I have oregano, dill,, parsley, lemongrass...
For herbs like dill and parsley, you should blanch them for just 10 to 15 seconds before plunging them into a bowl of ice water. This will preserve their brilliant green coloring!
For all herbs, you should mince them finely before freezing them in small plastic containers or ice cube trays. They won't defrost pretty enough to garnish a dish, but they will pack a punch in stews, soups, and the like. Remember to store them tightly wrapped so they don't get a freezer-y smell!
How about fennel? How do we freeze fennel?
Another option for herbs is to make an herb butter out of them. This works wonders for basil and sage, but is also good with other herbs. Simply soften some unsalted butter and whip in minced herbs and salt if you like. We make our herb butters on the stronger side, but you can go as mild as you like.

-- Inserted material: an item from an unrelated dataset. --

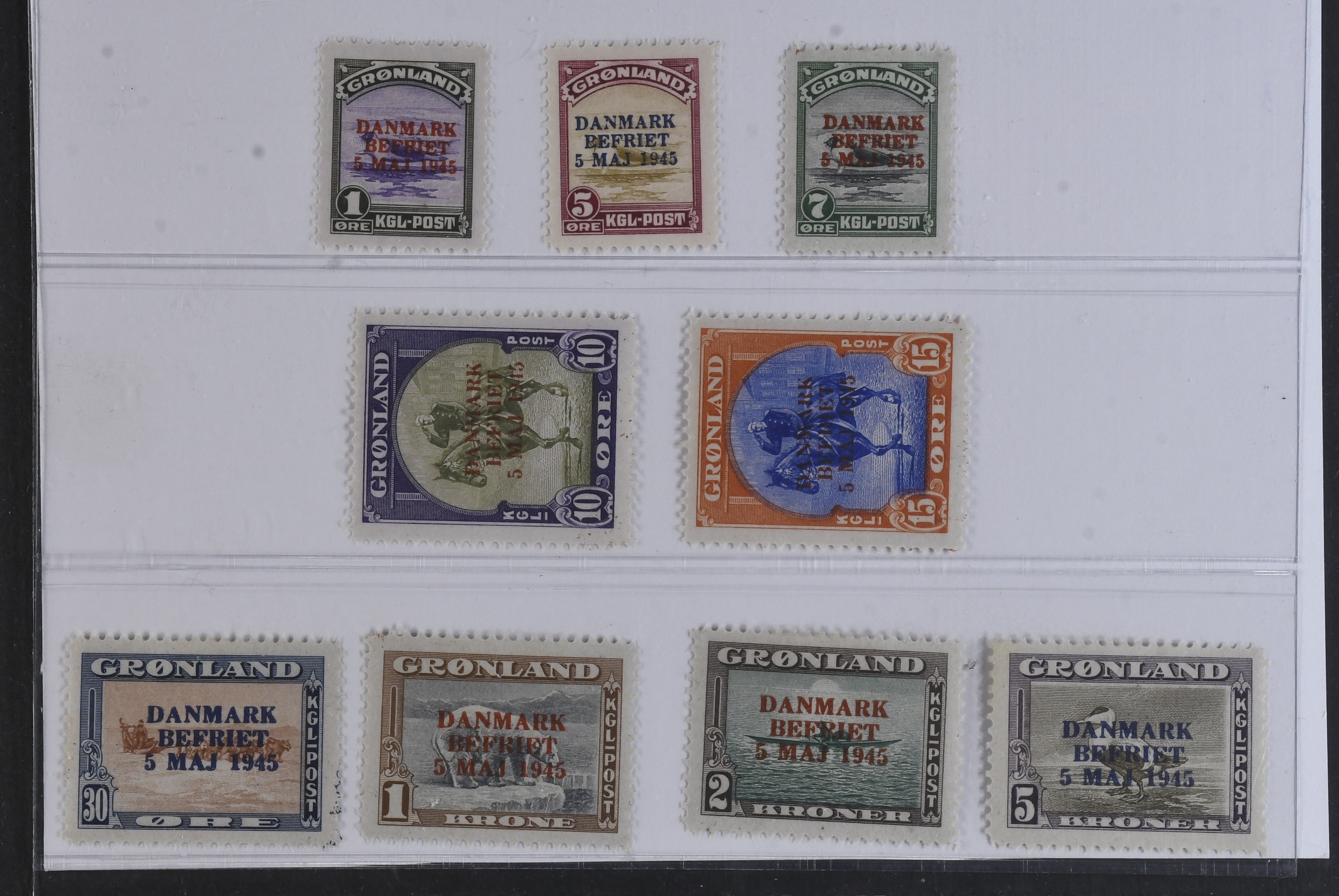 Greenland. Facit 19–27 ★, 1945 Danmark Berfriet SET (9). 10 øre wih red overprint. SEK 8450
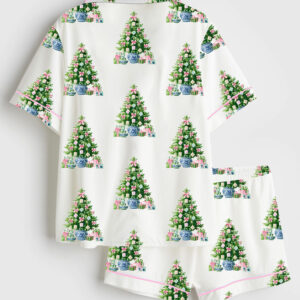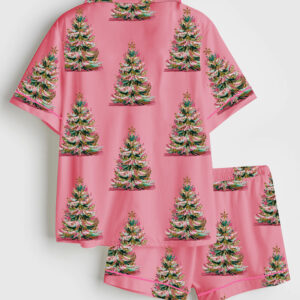 Women’s Watercolor Leopard Cheetah Pink Preppy Christmas Tree Short Sleeve Satin Pajama Set

Of course, this is assuming you don't mind adding butter to your food, but as flavors are more soluble in oil than water (there's a very scientific explanation for this phenomenon, but I can't remember it), the flavor of the herbs comes through nicely. Simply roll the butter into logs in parchment paper, and pack in freezer bags. A tablespoon on grilled or seared meat, in soups, or even just on toast is wonderful. Also a great way to preserve an herb harvest if you have an herb garden.
I like making herb oils and freezing. Cook each herb for a short time in hot oil, not quite simmering so as not to fry the herbs. Cool the oil and then put in ice cube trays to freeze. Transfer to a freezer bag and they will stay good for months.